[Records from a collection]
* * * * * * * * *
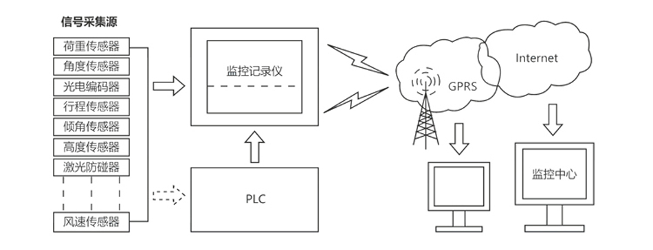 系統(tǒng)可選配GPRS遠(yuǎn)程監(jiān)控系統(tǒng),將信息傳輸至遠(yuǎn)程平臺(tái),能夠?qū)崿F(xiàn)設(shè)備操作者、遠(yuǎn)程管理者等層次的管理需求,有效提升了起重機(jī)的安全性能和信息化管理效率。能夠?qū)崿F(xiàn)操作者、遠(yuǎn)程管理者等層次的管理需求,有效提升了起重機(jī)的安全性能和信息化管理效率。
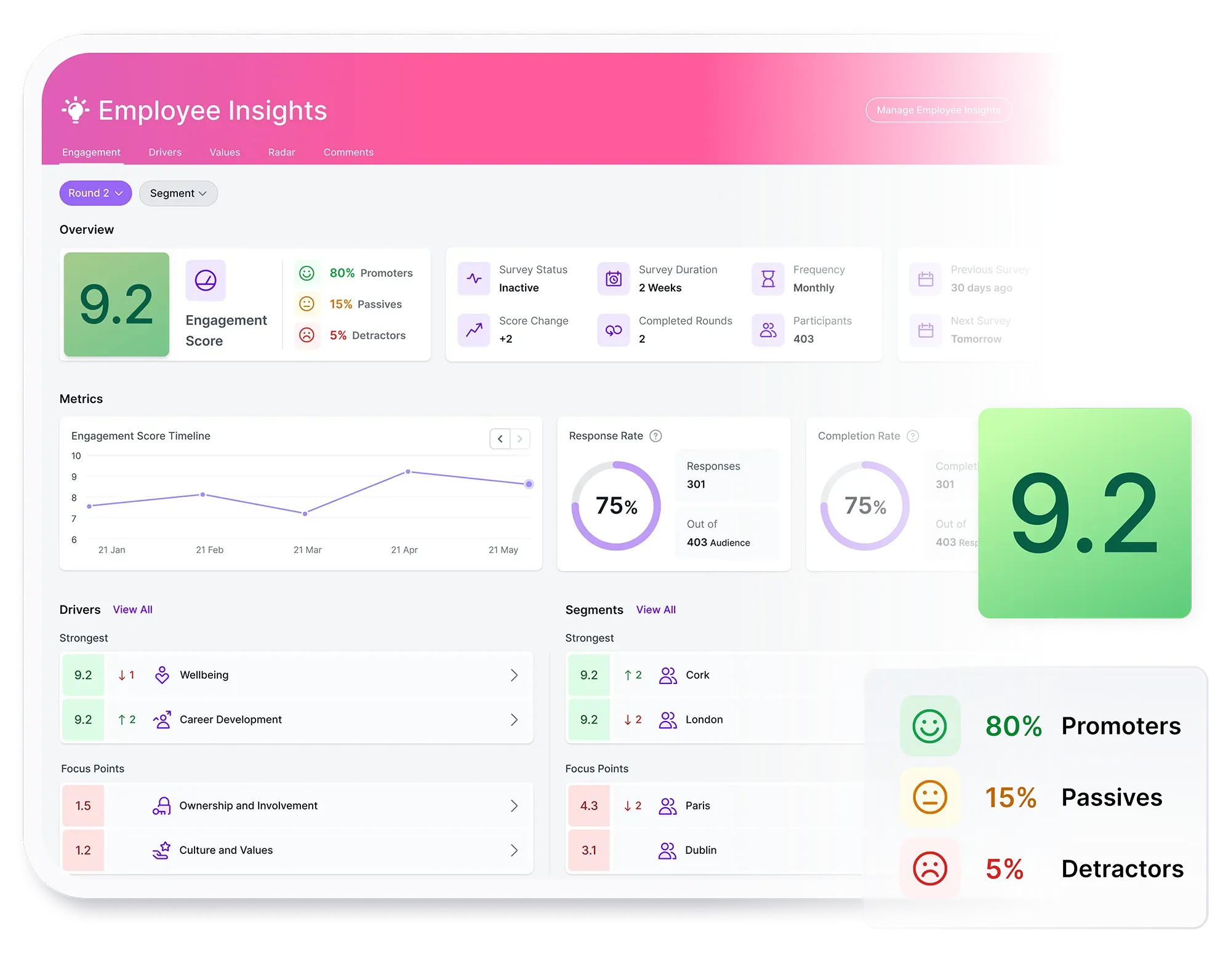 Get a pulse on sentiment and spot opportunities to improve with our comprehensive suite of employee listening tools.
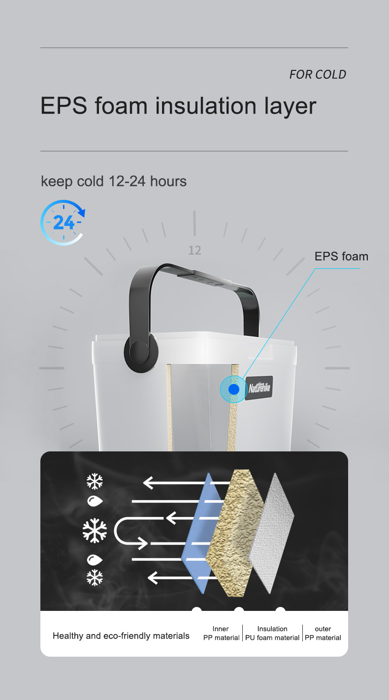 • Chất liệu: Nắp /thân /tay cầm/Thắt lưng /khóa bằng nhựa Polypropylene cao cấp bền đẹp & an toàn cho thời gian sử dụng lâu dài, lớp cách nhiệt bằng xốp EPS nhẹ, êm, giữ nhiệt tốt hạn chế được sự va đập mạnh
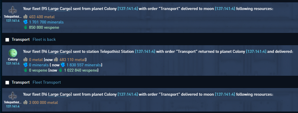 check fuel consumption of my transporters and sent some more Vespen to cover that
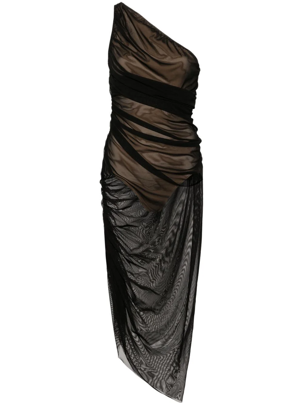 Diana one-shoulder gown Highlights - Black - Stretch-design - Mesh design - One-shoulder - Sleeveless - Ruched bodice - Straight hem - Long length Imported Composition Lining: Nylon 72%, Spandex/Elastane 28% Outer: Nylon 82%, Spandex/Elastane 18% SIZE & FIT Model measurements Height 5 ft 10 in(1.78 m) Bust/Chest 33.07 in(84 cm) Hips 36.61 in(93 cm) Waist 24.8 in(63 cm) Measurement HIPS 26.77 in(68 cm) WAIST 25.19 in(64 cm) FittingInformation Designed for a close fit throughout Made from a lightweight stretch fabric, this piece offers elasticity and flexibility when worn This piece fits true to size – take your usual size Washing instructions Dry Clean Only
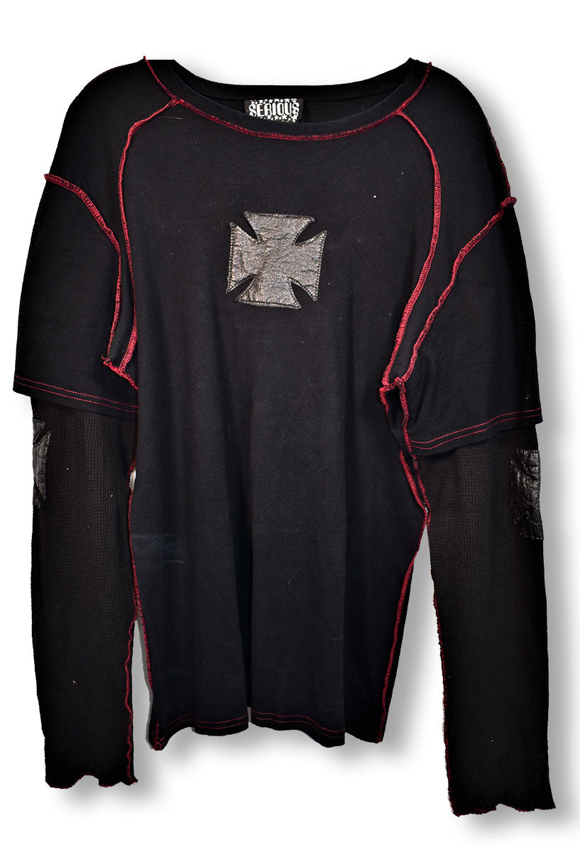 Black t-shirt from the Serious brand in XXL featuring sewn-on long sleeves, red accent stitching, and leather iron crosses sewn to the front and elbows. Worn in 2005. From the Joe Elliott collection.
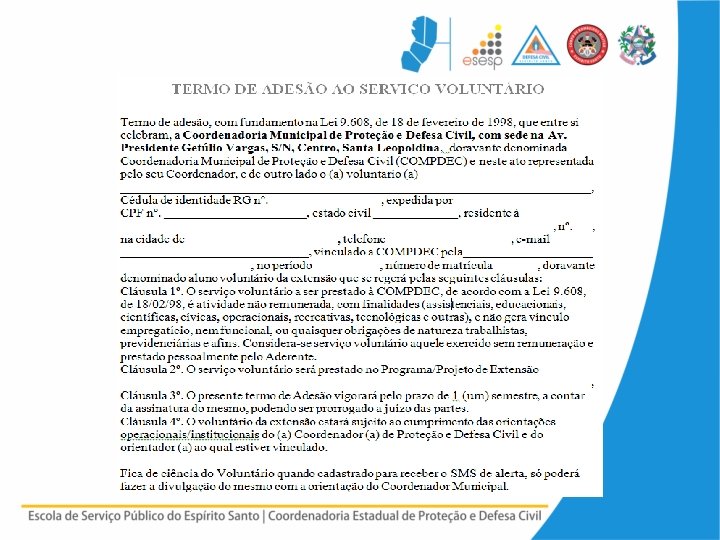 SERVIÇO VOLUNTÁRIO LEGALIDADE • Termo de adesão: • O serviço voluntário será exercido mediante celebração de termo de adesão entre a entidade pública ou privada e o prestador de serviço voluntário, dele devendo constar o objetivo e as condições de seu exercício.
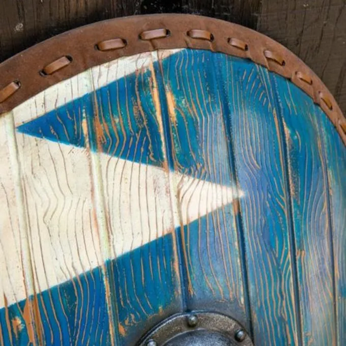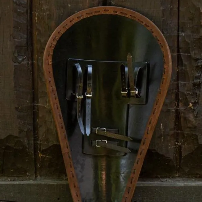 Dit LARP schild is gebaseerd op historische Normandische schilden, ook wel drupperschild genoemd. Die waren oorspronkelijk gemaakt voor ruiters maar waren ook populair onder voetsoldaten omdat ze zo hun voorbeen konden beschermen. Ze gebruikten dit soort schilden tijdens de verovering van Engeland. Het schild is prachtig en levensecht geschilderd, zodat het lijkt alsof hij is gemaakt van verticale houten planken die wit met blauw zijn geschilderd, waar je de nerven nog doorheen ziet. Hij is geschilderd met aandacht voor de kleinste details, dus hij heeft ook een versleten uiterlijk zoals dat hoort bij het schild van een krijger. De rand lijkt echt van leer dat gestikt is met een leren veter. Ook de schildknop is levensecht van staal, compleet met imitatie stalen klinknagels. De achterkant van het schild heeft verschillende riemen, zodat je hem naast eigen wens kunt dragen.
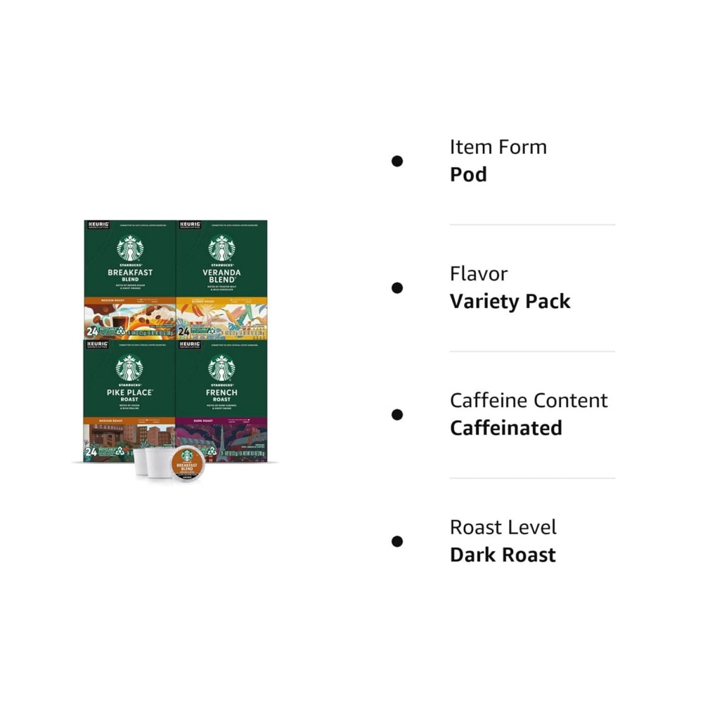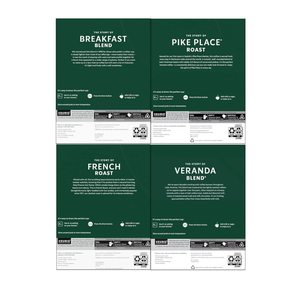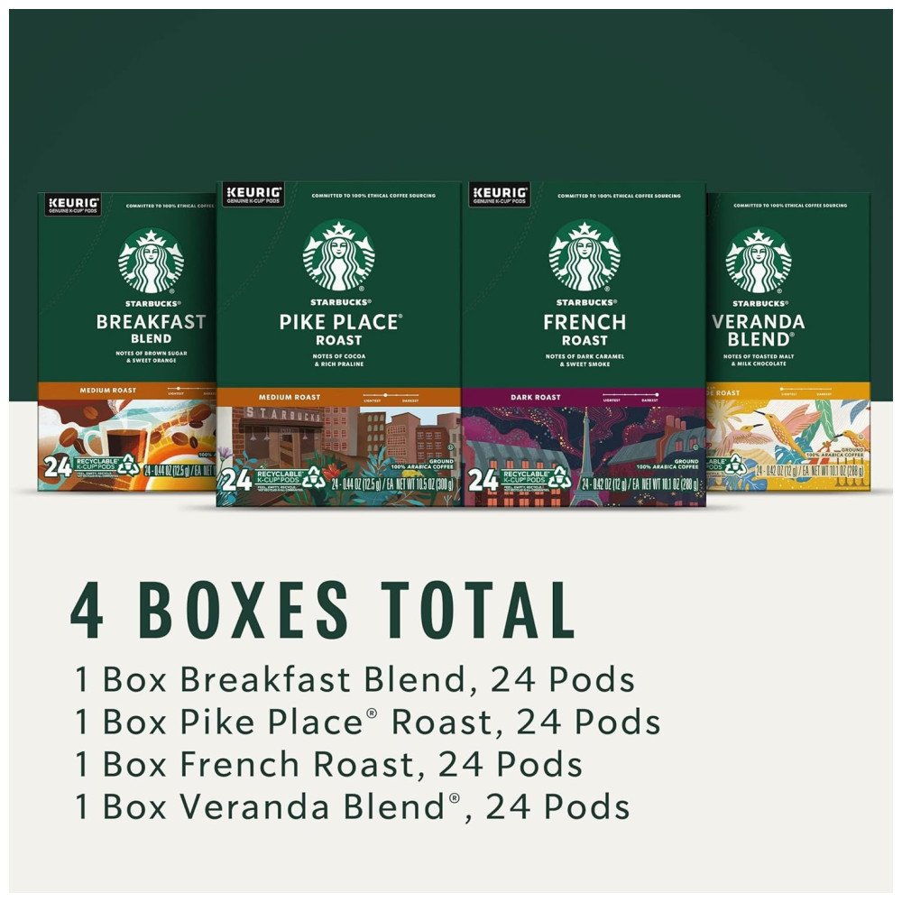 Nome do Sabor Variedade Tamanho 96 unidades Explore quatro dos nossos cafés mais populares o French Roast é intenso e com fumaça, o Pike Place Roast é suave e equilibrado, o Breakfast Blend é brilhante e suave e o Veranda Blend é suave e macio. O Starbucks Black Coffee Variety Pack permite encontrar uma torra que se adapte ao seu humor e paladar. Pike Place é uma marca registrada do The Pike Place Market PDA, usada sob licença. Keurig e K Cup são marcas comerciais da Keurig Green Mountain, Inc., usadas com permissão
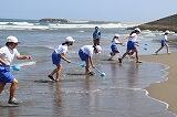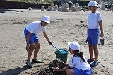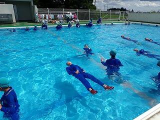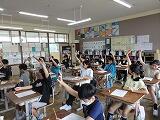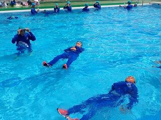 7月20日に6年生が着衣泳に取り組みました。現在の学習指導要領では、5・6年体育の水泳運動として、クロールと平泳ぎをできるようにするという内容の他に安全確保につながる運動が示されています。安全確保につながる運動の1つとして、背浮きが例示されています。また、着衣のまま水に落ちた場合の対処の仕方についても積極的に取り扱うこととされています。今回は6年生が着衣のまま背浮きをして呼吸を確保し、自分の命を守るための技能を高めました。
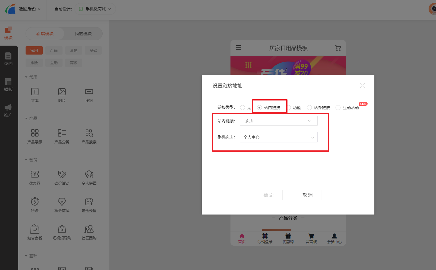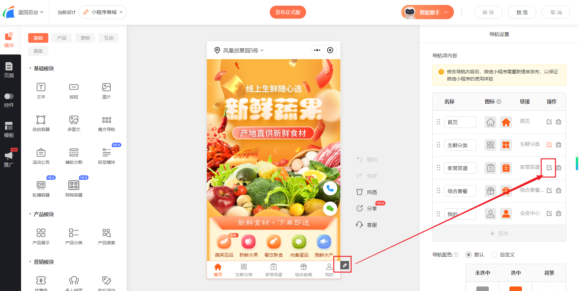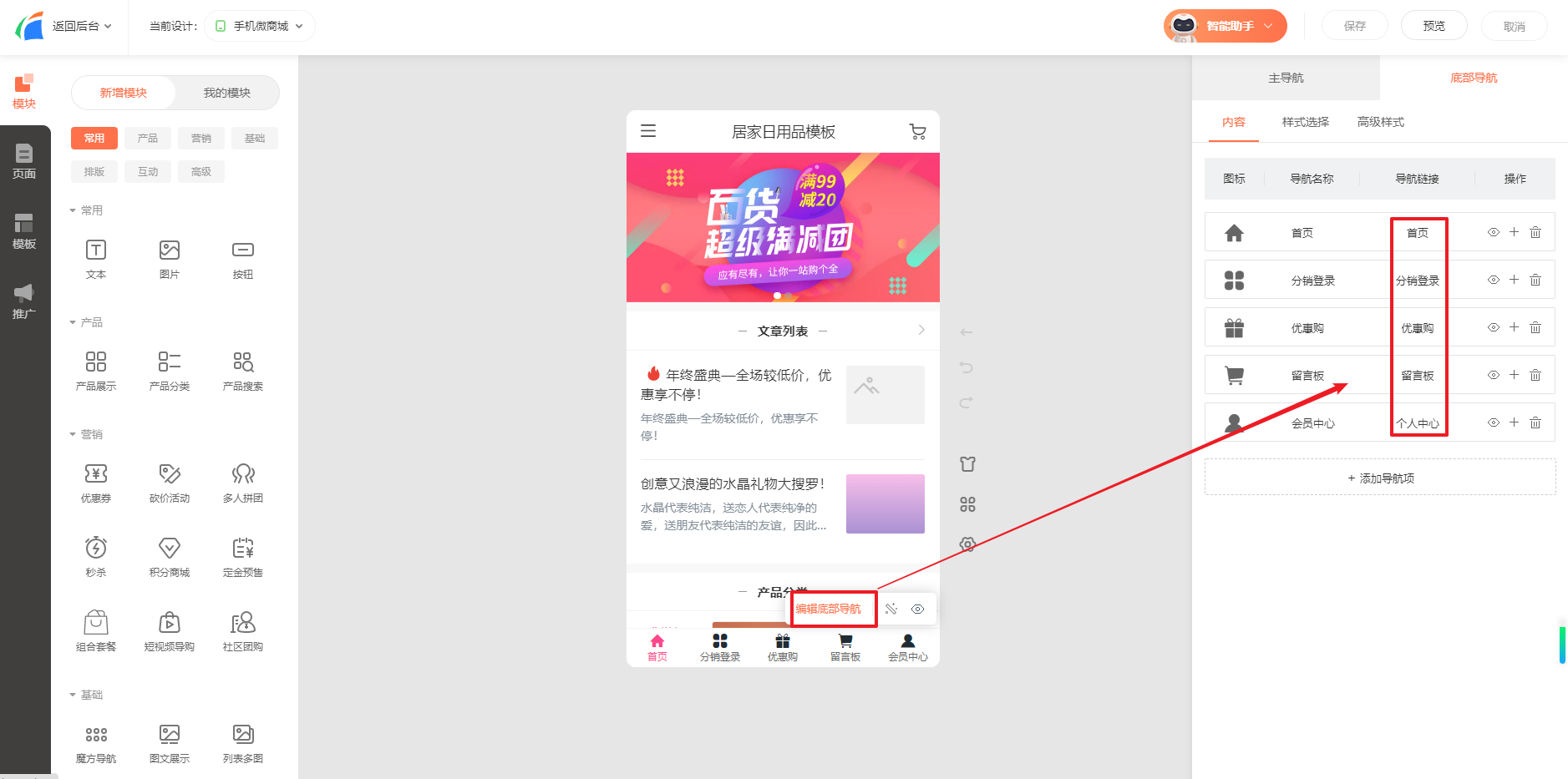 2.系统支持最多添加5个导航项目(即最多可关联5个页面显示导航)
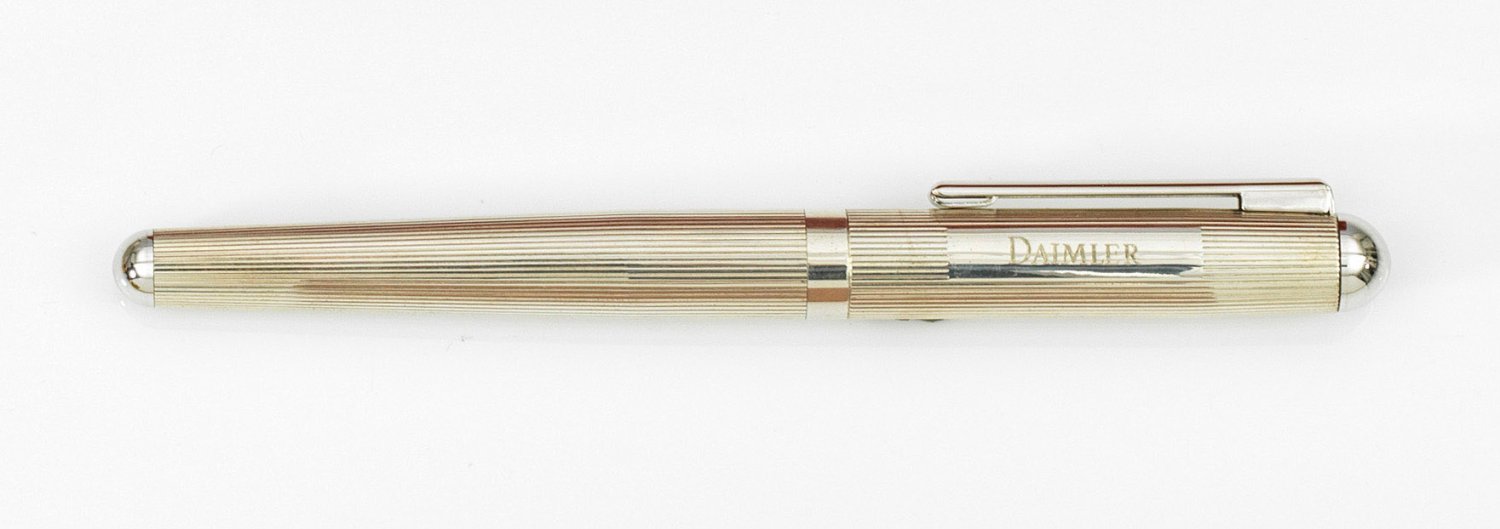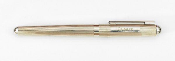 in Etui. Silber und Gold. Konischer Korpus flächendeckend umzogen von feinen Profillinien. Füllerkappe graviert "Daimler". Feder aus 14 ct. Gold. Gest. 925. Gew. ca. 40 g. L. 15 cm.
* * * * * * * * *
Problem to work on:
Respond with the exact lines above running from the one containing "Black t-shirt from" to the one containing "SERVIÇO VOLUNTÁRIO LEGALIDADE", both ends kept and no pictures included.

Answer section:
 Black t-shirt from the Serious brand in XXL featuring sewn-on long sleeves, red accent stitching, and leather iron crosses sewn to the front and elbows. Worn in 2005. From the Joe Elliott collection.
 SERVIÇO VOLUNTÁRIO LEGALIDADE • Termo de adesão: • O serviço voluntário será exercido mediante celebração de termo de adesão entre a entidade pública ou privada e o prestador de serviço voluntário, dele devendo constar o objetivo e as condições de seu exercício.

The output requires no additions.